• What this task involves: Produce a faithful copy of the data, one that leaves out the pictures.

• Supplied data:
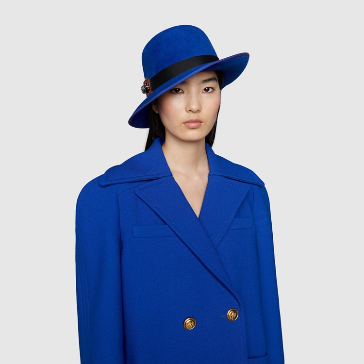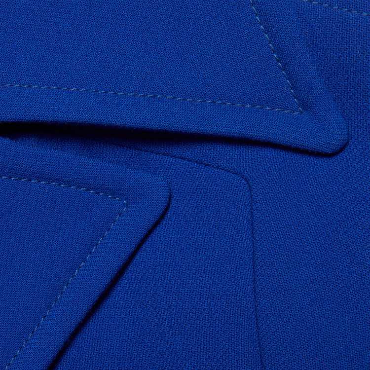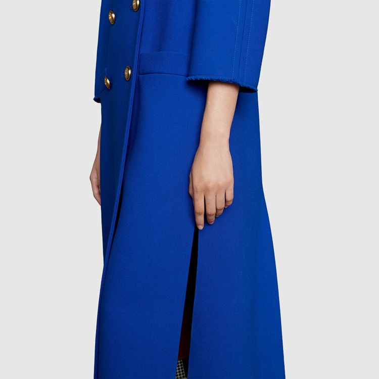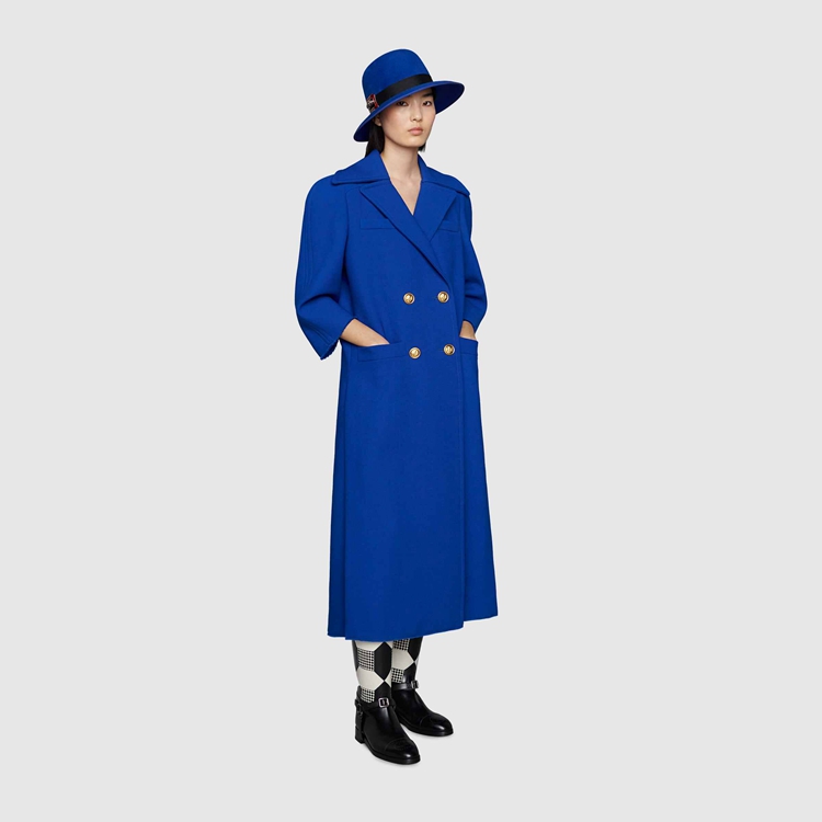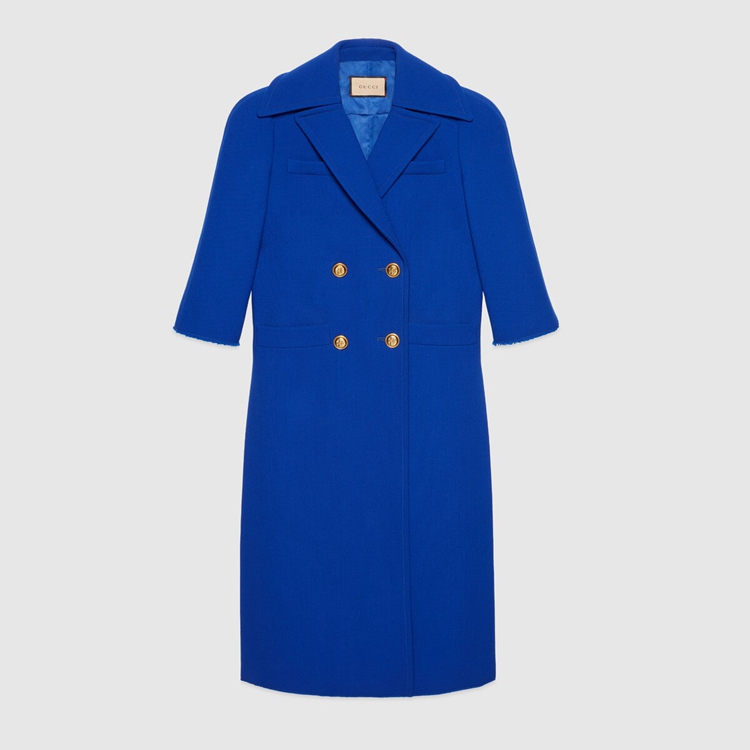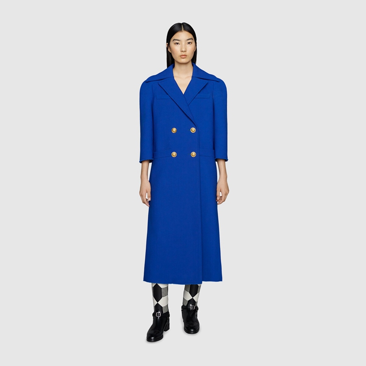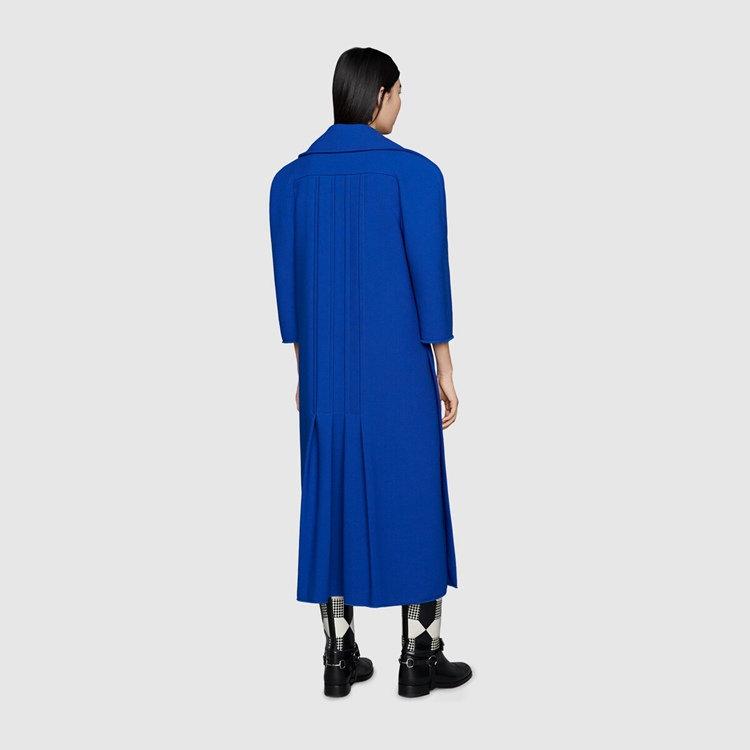 Style 669523 ZHW10 4096Designed With pleats on The back, This style reflects The idea of hybridization explored in The House’s collections. Imbued With a Retro Inspired feel, The double-breasted electric blue wool coat is completed With gold-toned hammered buttons.
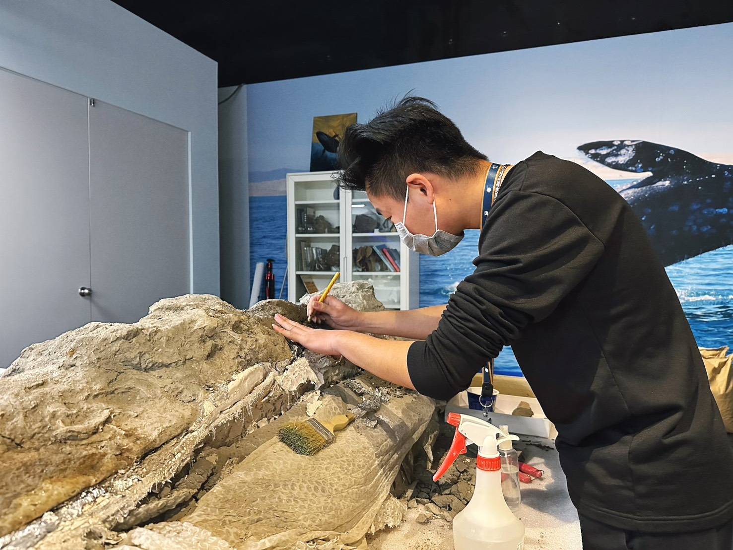 為了確保化石在搬運過程中不致斷裂,研究團隊必須先在野外為骨骼噴上黏著劑,再包上鋁箔紙,以石膏密封固定。因此,這些被層層保護的骨骼運回博物館後,還需要經過精細的清修作業,才能還原真貌。為此,策展團隊特別在展場設計了「清修實驗室」,讓觀眾能近距離觀察研究人員如何細心處理這具灰鯨骨骼,見證牠重現光明的過程 。
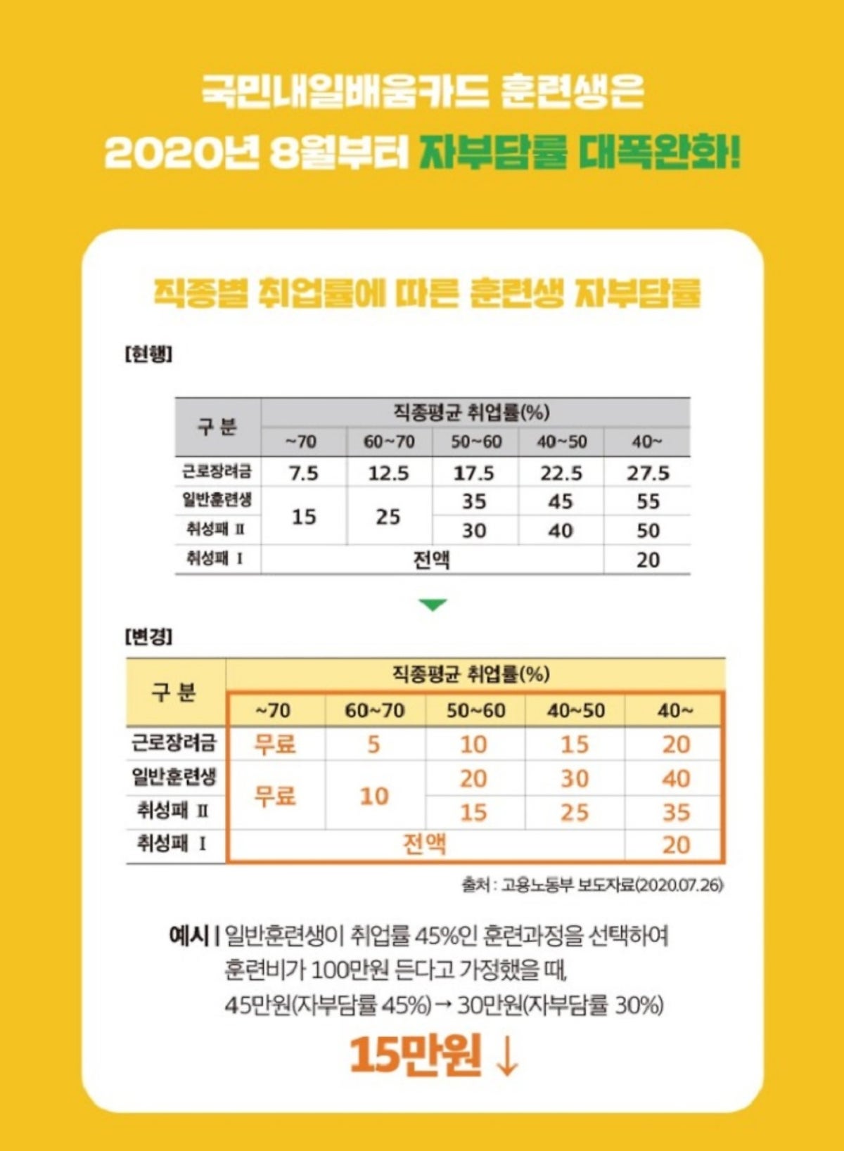만약, 일반훈련생이 취업률 45%인 훈련과정을 선택하여, 훈련비가 100만원 든다고 가정했을 때, 45만원(자부담률 45%->30만원(자부담률 30%)로 15만원 할인된 혜택을 받을 수 있습니다.

• Final answer:
 Style 669523 ZHW10 4096Designed With pleats on The back, This style reflects The idea of hybridization explored in The House’s collections. Imbued With a Retro Inspired feel, The double-breasted electric blue wool coat is completed With gold-toned hammered buttons.
 為了確保化石在搬運過程中不致斷裂,研究團隊必須先在野外為骨骼噴上黏著劑,再包上鋁箔紙,以石膏密封固定。因此,這些被層層保護的骨骼運回博物館後,還需要經過精細的清修作業,才能還原真貌。為此,策展團隊特別在展場設計了「清修實驗室」,讓觀眾能近距離觀察研究人員如何細心處理這具灰鯨骨骼,見證牠重現光明的過程 。
만약, 일반훈련생이 취업률 45%인 훈련과정을 선택하여, 훈련비가 100만원 든다고 가정했을 때, 45만원(자부담률 45%->30만원(자부담률 30%)로 15만원 할인된 혜택을 받을 수 있습니다.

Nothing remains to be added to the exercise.